Segment Start: Recorded information

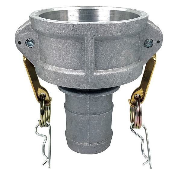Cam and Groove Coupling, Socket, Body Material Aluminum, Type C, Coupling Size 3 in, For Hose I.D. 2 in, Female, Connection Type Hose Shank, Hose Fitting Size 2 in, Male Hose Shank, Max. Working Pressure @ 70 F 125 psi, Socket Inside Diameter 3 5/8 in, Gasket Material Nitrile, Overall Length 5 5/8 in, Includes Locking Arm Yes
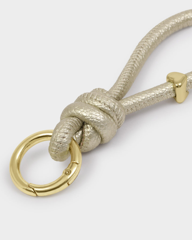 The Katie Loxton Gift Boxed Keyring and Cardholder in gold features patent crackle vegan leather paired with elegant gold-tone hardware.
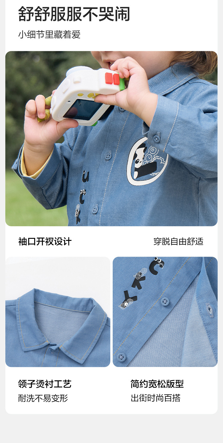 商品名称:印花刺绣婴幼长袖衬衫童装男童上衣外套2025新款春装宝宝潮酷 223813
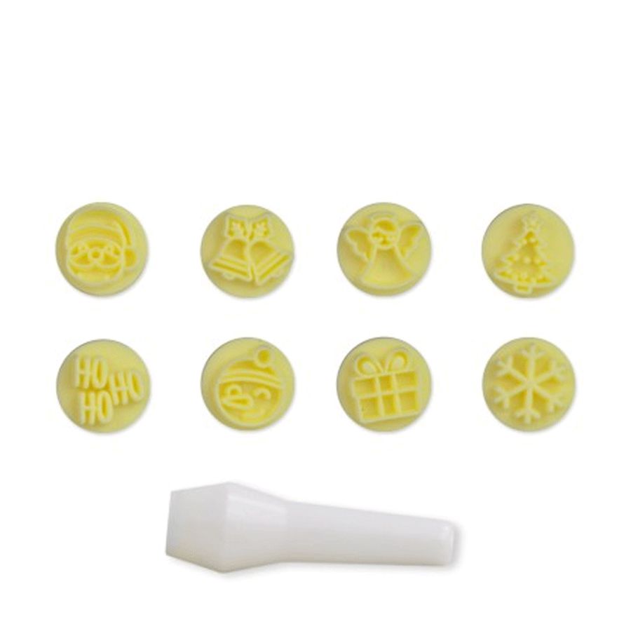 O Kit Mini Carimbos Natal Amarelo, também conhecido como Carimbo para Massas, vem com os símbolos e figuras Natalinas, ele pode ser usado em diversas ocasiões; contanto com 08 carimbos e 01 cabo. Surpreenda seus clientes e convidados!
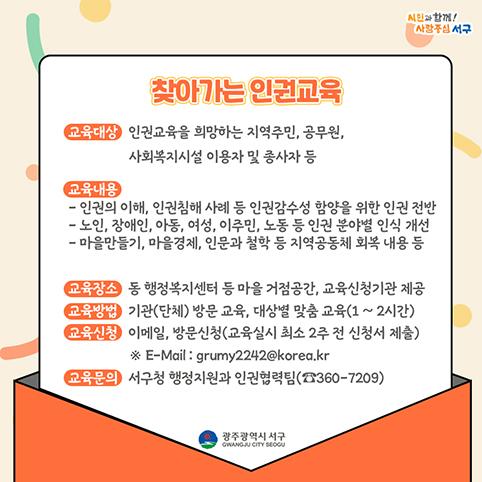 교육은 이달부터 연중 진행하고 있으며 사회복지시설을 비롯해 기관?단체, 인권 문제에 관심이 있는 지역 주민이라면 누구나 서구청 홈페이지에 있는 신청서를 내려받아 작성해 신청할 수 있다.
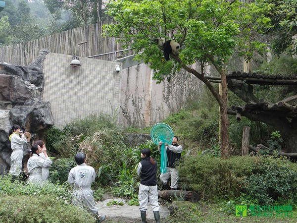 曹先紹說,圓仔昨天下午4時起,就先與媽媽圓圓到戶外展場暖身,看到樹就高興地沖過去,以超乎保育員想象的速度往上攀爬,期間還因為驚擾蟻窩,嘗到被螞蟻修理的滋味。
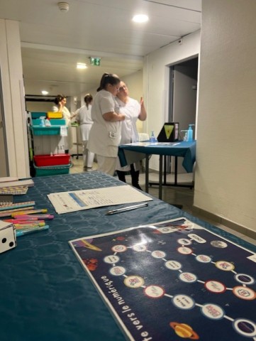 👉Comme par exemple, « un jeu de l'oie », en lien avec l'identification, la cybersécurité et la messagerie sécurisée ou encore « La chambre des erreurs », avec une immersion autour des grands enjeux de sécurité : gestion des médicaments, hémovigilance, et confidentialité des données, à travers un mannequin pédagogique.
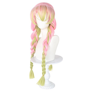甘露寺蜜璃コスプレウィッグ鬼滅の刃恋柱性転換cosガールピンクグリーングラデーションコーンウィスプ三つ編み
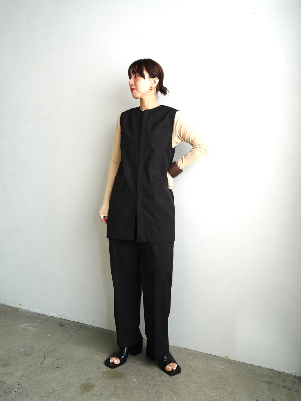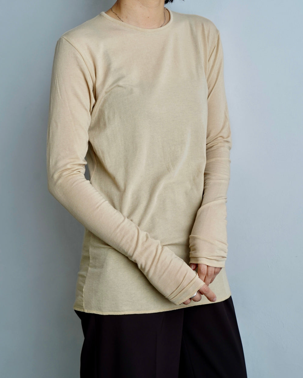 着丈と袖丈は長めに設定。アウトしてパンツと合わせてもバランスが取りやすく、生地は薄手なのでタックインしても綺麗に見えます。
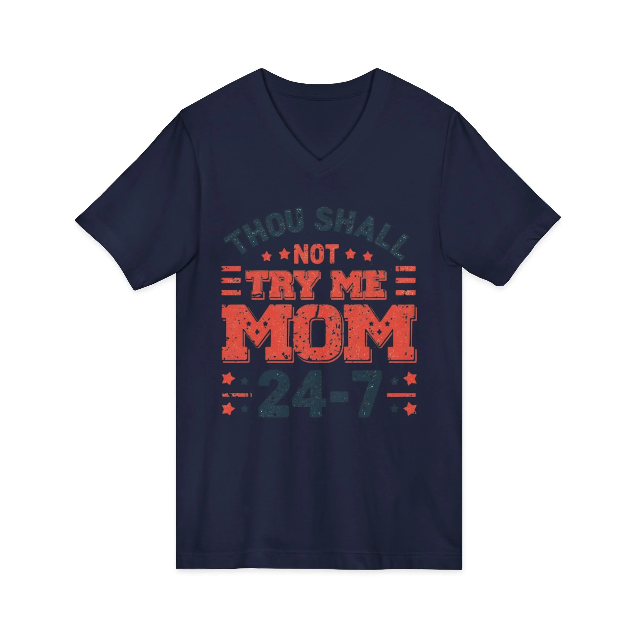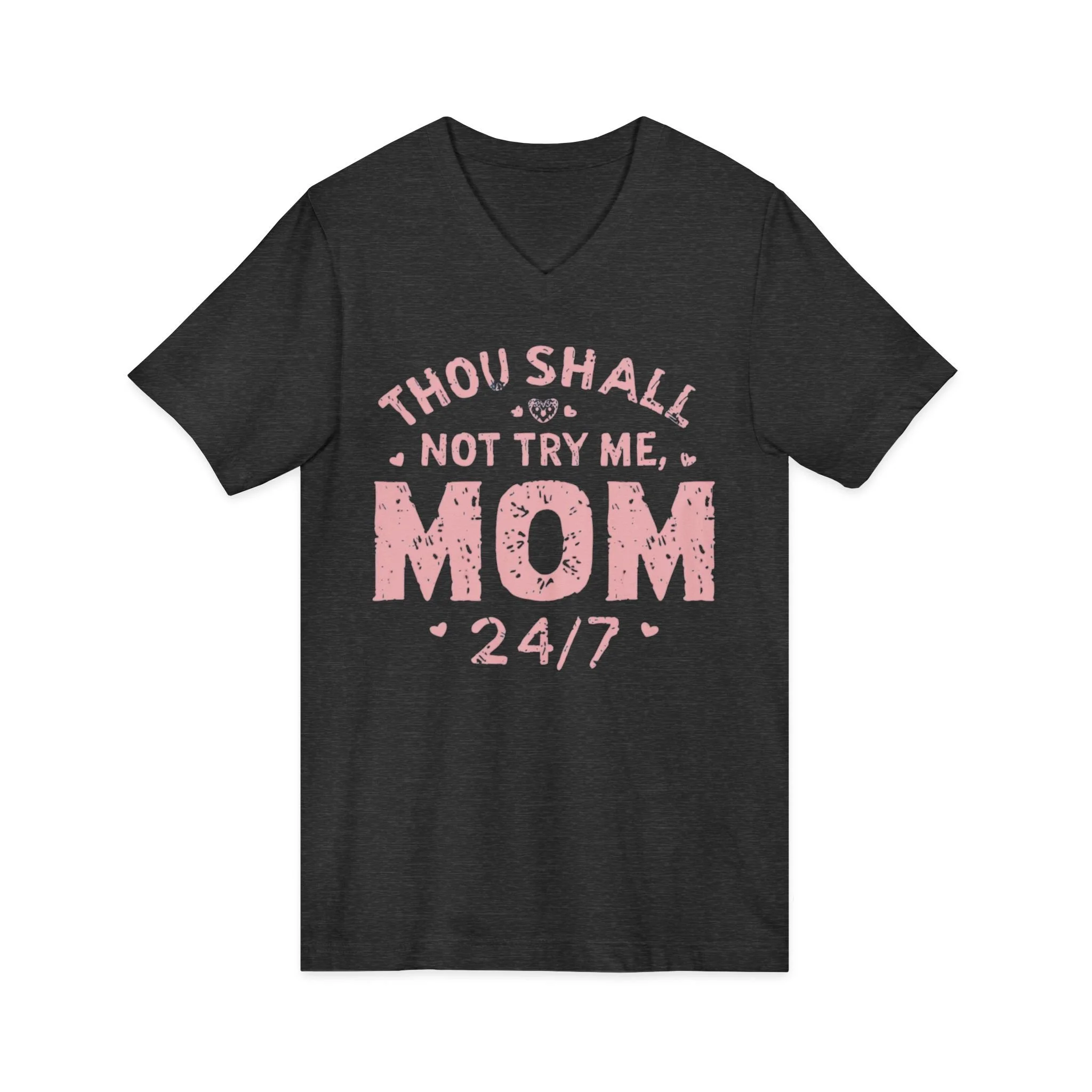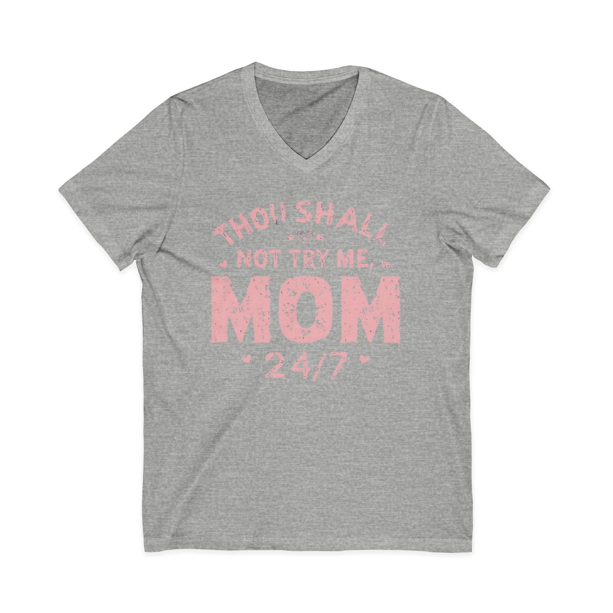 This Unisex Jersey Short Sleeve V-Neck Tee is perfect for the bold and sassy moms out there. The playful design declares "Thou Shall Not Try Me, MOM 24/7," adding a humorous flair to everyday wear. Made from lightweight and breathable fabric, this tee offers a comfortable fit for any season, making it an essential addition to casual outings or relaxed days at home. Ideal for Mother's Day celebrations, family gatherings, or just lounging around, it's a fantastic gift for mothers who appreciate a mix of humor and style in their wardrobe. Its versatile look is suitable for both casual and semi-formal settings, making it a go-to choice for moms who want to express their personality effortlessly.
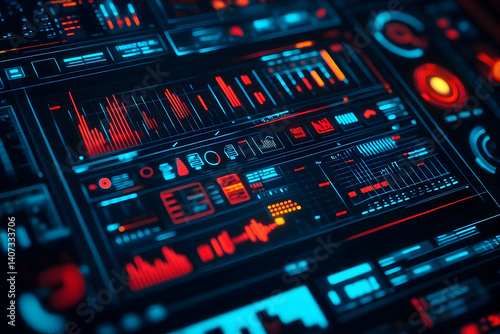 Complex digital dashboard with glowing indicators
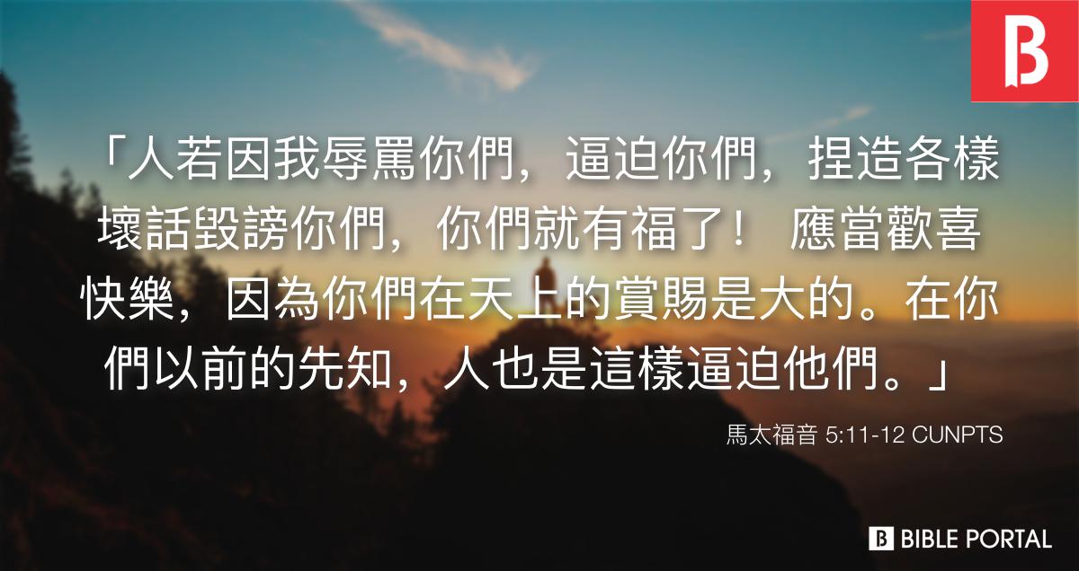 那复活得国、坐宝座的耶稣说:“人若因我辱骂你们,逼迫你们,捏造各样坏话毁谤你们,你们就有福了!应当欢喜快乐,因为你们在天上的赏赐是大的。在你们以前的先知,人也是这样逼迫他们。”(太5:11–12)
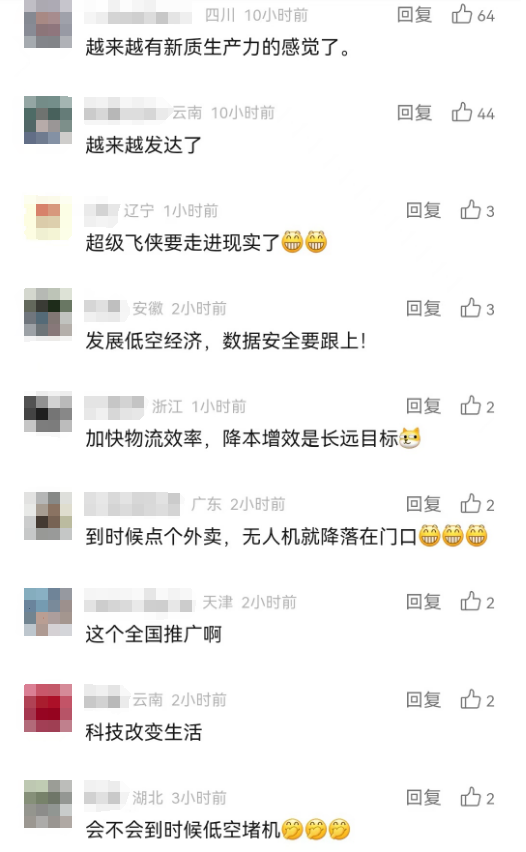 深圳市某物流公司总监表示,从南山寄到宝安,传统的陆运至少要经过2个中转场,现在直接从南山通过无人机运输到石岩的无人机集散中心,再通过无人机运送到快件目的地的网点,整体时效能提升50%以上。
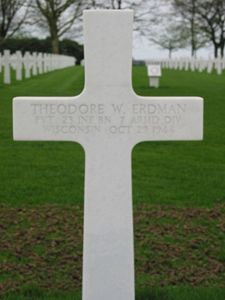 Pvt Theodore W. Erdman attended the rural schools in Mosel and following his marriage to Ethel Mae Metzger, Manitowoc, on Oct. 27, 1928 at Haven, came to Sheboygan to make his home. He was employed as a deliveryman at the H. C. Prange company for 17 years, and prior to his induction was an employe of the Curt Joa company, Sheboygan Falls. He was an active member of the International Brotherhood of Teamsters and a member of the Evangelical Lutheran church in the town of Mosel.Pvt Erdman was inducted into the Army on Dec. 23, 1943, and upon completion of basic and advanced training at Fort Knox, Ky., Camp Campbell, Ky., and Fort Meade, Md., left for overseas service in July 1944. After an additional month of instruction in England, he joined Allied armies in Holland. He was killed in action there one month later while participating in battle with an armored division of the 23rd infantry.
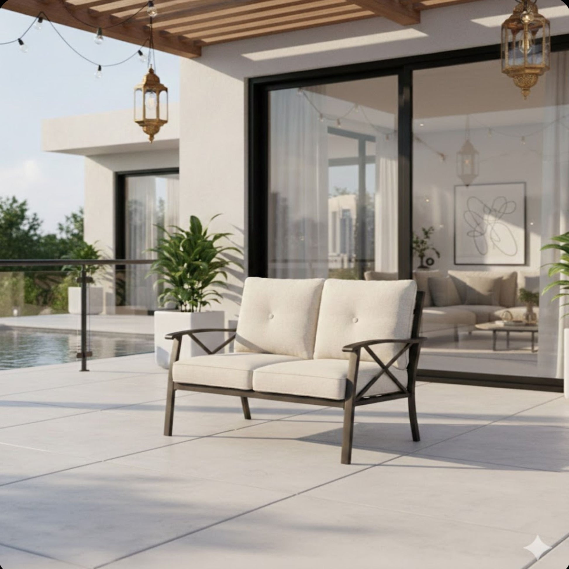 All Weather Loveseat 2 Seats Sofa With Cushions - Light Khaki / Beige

Segment End: Recorded information

**Directions:** Give back every entry word for word, and drop the pictures as you go.

**Task output:**
Cam and Groove Coupling, Socket, Body Material Aluminum, Type C, Coupling Size 3 in, For Hose I.D. 2 in, Female, Connection Type Hose Shank, Hose Fitting Size 2 in, Male Hose Shank, Max. Working Pressure @ 70 F 125 psi, Socket Inside Diameter 3 5/8 in, Gasket Material Nitrile, Overall Length 5 5/8 in, Includes Locking Arm Yes
 The Katie Loxton Gift Boxed Keyring and Cardholder in gold features patent crackle vegan leather paired with elegant gold-tone hardware.
 商品名称:印花刺绣婴幼长袖衬衫童装男童上衣外套2025新款春装宝宝潮酷 223813
 O Kit Mini Carimbos Natal Amarelo, também conhecido como Carimbo para Massas, vem com os símbolos e figuras Natalinas, ele pode ser usado em diversas ocasiões; contanto com 08 carimbos e 01 cabo. Surpreenda seus clientes e convidados!
 교육은 이달부터 연중 진행하고 있으며 사회복지시설을 비롯해 기관?단체, 인권 문제에 관심이 있는 지역 주민이라면 누구나 서구청 홈페이지에 있는 신청서를 내려받아 작성해 신청할 수 있다.
 曹先紹說,圓仔昨天下午4時起,就先與媽媽圓圓到戶外展場暖身,看到樹就高興地沖過去,以超乎保育員想象的速度往上攀爬,期間還因為驚擾蟻窩,嘗到被螞蟻修理的滋味。
 👉Comme par exemple, « un jeu de l'oie », en lien avec l'identification, la cybersécurité et la messagerie sécurisée ou encore « La chambre des erreurs », avec une immersion autour des grands enjeux de sécurité : gestion des médicaments, hémovigilance, et confidentialité des données, à travers un mannequin pédagogique.
甘露寺蜜璃コスプレウィッグ鬼滅の刃恋柱性転換cosガールピンクグリーングラデーションコーンウィスプ三つ編み
 着丈と袖丈は長めに設定。アウトしてパンツと合わせてもバランスが取りやすく、生地は薄手なのでタックインしても綺麗に見えます。
 This Unisex Jersey Short Sleeve V-Neck Tee is perfect for the bold and sassy moms out there. The playful design declares "Thou Shall Not Try Me, MOM 24/7," adding a humorous flair to everyday wear. Made from lightweight and breathable fabric, this tee offers a comfortable fit for any season, making it an essential addition to casual outings or relaxed days at home. Ideal for Mother's Day celebrations, family gatherings, or just lounging around, it's a fantastic gift for mothers who appreciate a mix of humor and style in their wardrobe. Its versatile look is suitable for both casual and semi-formal settings, making it a go-to choice for moms who want to express their personality effortlessly.
 Complex digital dashboard with glowing indicators
 那复活得国、坐宝座的耶稣说:“人若因我辱骂你们,逼迫你们,捏造各样坏话毁谤你们,你们就有福了!应当欢喜快乐,因为你们在天上的赏赐是大的。在你们以前的先知,人也是这样逼迫他们。”(太5:11–12)
 深圳市某物流公司总监表示,从南山寄到宝安,传统的陆运至少要经过2个中转场,现在直接从南山通过无人机运输到石岩的无人机集散中心,再通过无人机运送到快件目的地的网点,整体时效能提升50%以上。
 Pvt Theodore W. Erdman attended the rural schools in Mosel and following his marriage to Ethel Mae Metzger, Manitowoc, on Oct. 27, 1928 at Haven, came to Sheboygan to make his home. He was employed as a deliveryman at the H. C. Prange company for 17 years, and prior to his induction was an employe of the Curt Joa company, Sheboygan Falls. He was an active member of the International Brotherhood of Teamsters and a member of the Evangelical Lutheran church in the town of Mosel.Pvt Erdman was inducted into the Army on Dec. 23, 1943, and upon completion of basic and advanced training at Fort Knox, Ky., Camp Campbell, Ky., and Fort Meade, Md., left for overseas service in July 1944. After an additional month of instruction in England, he joined Allied armies in Holland. He was killed in action there one month later while participating in battle with an armored division of the 23rd infantry.
 All Weather Loveseat 2 Seats Sofa With Cushions - Light Khaki / Beige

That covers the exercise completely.